Researchers previously demonstrated that inclusion of iloprost, a pharmaceutical grade prostacyclin (PGI2), in culture media improves embryo development and pregnancy rates. Cultured embryos undergo apoptosis and studies have shown protection against apoptosis, rather than cell growth promotion, was the likely cause of iloprost's enhancing effect on embryos. Researchers have also established that embryos produce survivin, an antiapoptotic protein, which appears to be vital to normal development. The objectives of the present study were to determine: 1) The IC-50 of embryos developed in the presence of YM-155, and 2) If iloprost stimulates the survivin pathway as a means of enhancing embryo development. Researchers utilized an animal-based in vitro study of embryo development, with a total of 198 embryos in the IC-50 study and 460 embryos cultured in four separate treatment groups for the iloprost study. Complete embryo hatching was used as an endpoint to determine the extent to which iloprost mitigated the effects of YM-155. Two-cell mouse embryos were harvested and exposed to YM-155 during 32-48 hours of culture; with and without pre-treatment of iloprost, with the endpoint assessed at 120 hours. A significant difference was found when comparing the embryo development of the iloprost treatment group and control (p < 0.05), the YM-155 and control group (p < 0.05), but no difference between control and combination group. These results suggest survivin is one of the pathways activated by iloprost to enhance embryo development. Further, this research may improve future IVF success through addition of iloprost in culture media to prevent embryo apoptosis.

Keywords

Embryo development, Prostacyclin, Iloprost, ym-155, Blastocyst, Apoptosis

Introduction

Embryo culture media has undergone numerous changes since the first successful IVF experiment. Transforming basic culture media to include nutrients and amino acids, embryologist have been working to optimize culture conditions and find the ideal media for over 50 years [1,2]. Previous studies have suggested the inclusion of prostacyclin (PGI2) in culture media during early developmental stages improves embryo quality and pregnancy outcomes [3-6]. PGI2 is present in large quantities in the oviducts during fertilization and early stage embryo development and could potentially be beneficial for fertilization and early embryo growth [3,6,7]. It is suggested that PGI2 stimulates the survivin pathway, which regulates apoptosis in early embryonic stages, and can prevent embryonic apoptosis [4,6-9]. Developing embryos often undergo sudden apoptosis during in vitro culture, which may be reduced by inclusion of PGI2 in the growth media.
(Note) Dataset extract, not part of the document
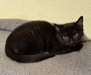 - Beschreibung: Die kleine Umi ist eine ganz besonderes junges Katzenmädel. Sie trägt ein elegantes Fell in schwarz auf schwarz getigert – eine Zeichnung, die man nicht alle Tage sieht und die sie zu einer besonderen Schönheit macht. Umi ist jetzt in dem Alter, in dem sie ohne ihre Mama zurechtkommt. Was sie jedoch dringend braucht, ist eine liebevolle Familie, die ihr Sicherheit gibt und sie mit Geduld in ihrem neuen Leben begleitet. Denn Umi ist noch eher schüchtern und braucht etwas Zeit, um Vertrauen zu fassen. Sobald sie Vertrauen aufgebaut hat, entwickelt sie sich bestimmt zu einer anhänglichen und treuen Gefährtin. Wie alle jungen Katzen ist Umi neugierig und verspielt. Deshalb wünscht sie sich unbedingt einen Katzenfreund im ähnlichen Alter, mit dem sie spielen, toben und kuscheln kann. Wenn Sie der Samtpfote ein behütetes Zuhause schenken möchten und bereit sind, ihr Zeit und Verständnis zu geben, dann melden Sie sich gerne bei uns. Umi wartet darauf, ihr Herz zu verschenken – vielleicht an Sie?

Improved IVF success would occur through use of a PGI2 additive, such as iloprost, a biosynthetic analogue, and could increase embryo developmental success through reduced apoptosis. As a result, embryologists would have a wider array of embryos to choose from during embryo transfer and could potentially freeze any additional embryos.

The present study focuses on determining the role of PGI2 in activating the anti-apoptotic survivin pathway in a murine model. During cellular stress, or other apoptotic inducing incidents, the survivin pathway can be induced to prevent apoptosis through cellular mechanisms [10,11]. Survivin, which is part of the inhibitor of apoptosis proteins (IAP's), has been expressed in fetal tissues during development and shown to control growth and prevent embryo apoptosis [12]. Survivin is a multifaceted protein that is typically expressed during the G2 and M phases of the cell cycle and helps ensure that cells do not undergo apoptosis during a vulnerable stage of replication [11]. The objective of this study focuses on the relationship between PGI2 and the survivin pathway.

Materials and Methods

Experimental design

All experiments were performed under IACUC approval and guidance from Texas Tech University. Prior to testing the efficacy of iloprost in inducing an anti-apoptotic response in cultured embryos, the IC-50 of YM-155 was determined through logarithmic testing in cultured embryos. YM-155 is a commercially available, apoptosis-inducing drug, that acts by specifically inhibiting survivin's antiapoptotic method of action (Selleck Chem; Houston, TX). Mice were stimulated according to a prior protocol [5]. Cultured embryos were randomized and placed in separate treatment groups with four different concentrations of YM-155: 3.3 nM, 1.0 nM, 0.33 nM, 0.10 nM. After the IC-50 of YM155 was established, experimentation followed with the inclusion of iloprost to determine its role in embryo survival. Mouse embryos were randomly assigned to one of four treatments: 1) Iloprost treatment 2) YM-155 treatment 3) Treatment combining both iloprost and YM-155, and 4) A control - cultured under standard conditions with no additional agents.

Culture media condition preparations

Harvest media preparations: Ham's F-10 media was supplemented with human albumin at the rate of 5 mg/mL and L-glutamine at a rate of 1.0 mM for use during harvest. Four 50 mm petri dishes were prepared with 2 mL of Modified Ham's F-10 media. Similarly, two organ culture dishes (Falcon 3037; Becton Dickinson; St. Louis, Mo) were prepared with 1mL of Modified Ham's F-10 media with an additional 2-3 mL of saline added to the outer well to maintain humidity during culture. Prepared organ culture dishes were placed into the incubator under standard culture conditions (37 ℃, 99% humidity, with 6% CO₂) for 1-24 hours to equilibrate.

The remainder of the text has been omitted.